Effect of aluminum diisobutyl hypophosphate in polyethylene terephthalate and its flame retardant mechanism

Abstract

AbstractAlkyl hypophosphate flame retardants have aroused intense research interests in flame retardancy of polymers owing to the combined effect of gas phase and condensed phase. In this work, aluminum diisobutyl hypophosphate (APBA) was incorporated into polyethylene glycol terephthalate (PET) to investigate its flame retardant effect and mechanism. PET achieved a V‐2 level in UL‐94, with a low LOI of 21.2%. In contrast, PET/APBA‐15% composites showed a 51% increase of LOI value and a V‐0 level, accompanied with the significant reduction of melt droplets. Gas phase analysis by Py‐GC/MS and TG‐FTIR indicated that the phosphorous free radicals and nonflammable gases were generated during the cracking of APBA, resulting in the radical quenching and dilution of combustible gas. Condensed phase analysis by SEM, Raman, and XPS results revealed that APBA could effectively facilitate the formation of dense char layers consisting of aluminophosphate and graphitic structures due to the interaction with PET matrix.

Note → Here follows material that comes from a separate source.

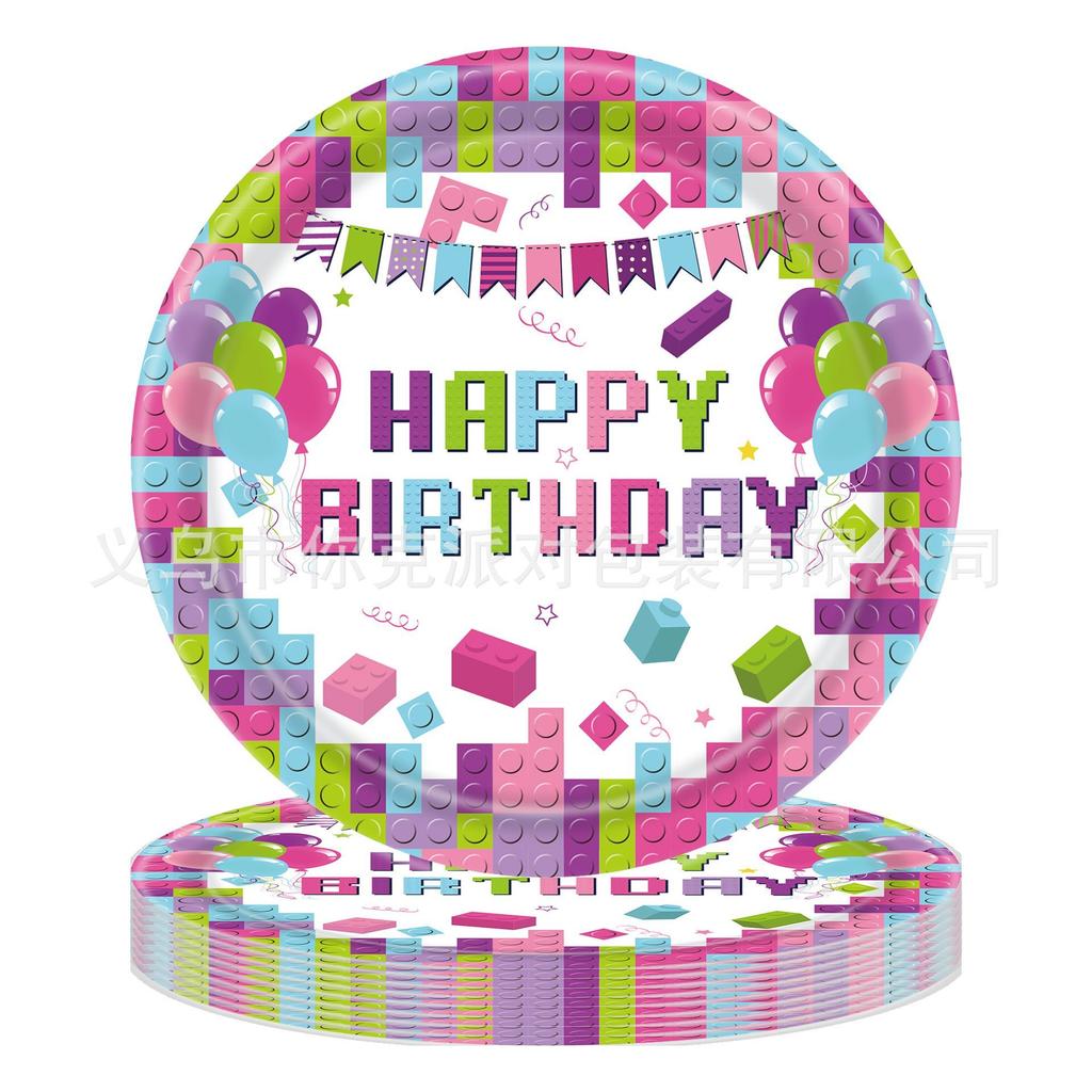 Colorful Building Block-themed Decoration Party Disposable Tableware Set, Children's Birthday Party Scene Decoration Supplies
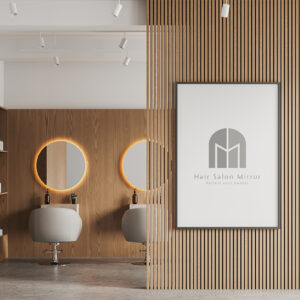 Hair Salon MIirrorのロゴデザイン 前提条件 デザインの説明 シンプルながらも印象的なデザインで、真ん中で色が分かれることで鏡に映った自分と新しい自分を表現しており、お客様が自己の変化を楽しみながら、新し

The compact barrier layer could insulate heat and inhibit the volatilization of combustible materials, leading to improved flame retardant properties. Furthermore, the introduction of APBA increased the melt viscosity of PET/APBA composites according to rheological analysis, which further promoted the formation of a char barrier layer to further enhance the flame retardant properties.Highlights Aluminum diisobutyl hypophosphate is used as an efficient flame retardant for PET. The flame retardant can degrade to release the phosphorous free radicals. The flame retardant can interact with the PET matrix and promote the charring.